Robert Destro has denigrated the legitimacy and equality of LGBT persons. Destro argues that Christians who oppose homosexuality, on the basis of religious belief, should be permitted to deny equal treatment and services to LGBT individuals. He questions whether a transgender person must be accepted as such by someone who doesn’t accept the basis of gender identity. And he opposes the Equality Act – legislation re-introduced less than a week ago – that focuses on the need for protections against LGBT-focused discrimination in employment and housing and opportunity. If these precepts are fundamental to a fair and equal society, how can DRL’s Assistant Secretary find himself so far from the mark?

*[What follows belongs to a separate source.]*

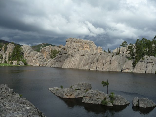 Weiter gings zum Sylvan Lake. Hier gab es erstmal Frühstück. Anschließend umrundeten wir den See obwohl es sich wieder zuzog. Es blieb aber trocken. Natürlich suchten wir nach dem Goldschatz der Tempelritter. Da ich euch hier noch schreibe: wir hab ihn auch nicht gefunden. Typisch Hollywood. Zudem waren wir doch über die Lage des Sees erstaunt. Im Film liegt er anscheinend direkt hinter Mount Rushmore.

At a bare baseline, the Senate Foreign Relations Committee has an obligation to ask whether Destro would speak clearly in favor of the human rights of LGBT people in every country in which the Department’s own human rights reports have signaled problems. The Committee needs to ask, too, whether Destro would ensure that DRL programs are used to address, in every country, structural challenges to LGBT fairness and equal treatment under the law. And it needs to probe deeply into how Destro’s support for religious exemptions might negatively impact the use of taxpayer funds to promote the equal treatment of LGBT people abroad.
We easily can imagine that Destro will offer carefully parsed pablum in response to these points. But one question he should be made to answer meaningfully is this: how can Destro be credible, to any foreign official or public, in demanding that LGBT citizens be treated fairly and respectfully, given what he has written and said on these matters?
That question is critically important to Destro’s effectiveness, which should be paramount in the minds of those reviewing his qualifications for the job. How incisively Senate Foreign Relations Committee members question Destro will tell us whether they are committed to truly inclusive human rights – and whether he, or they, should be out of a job.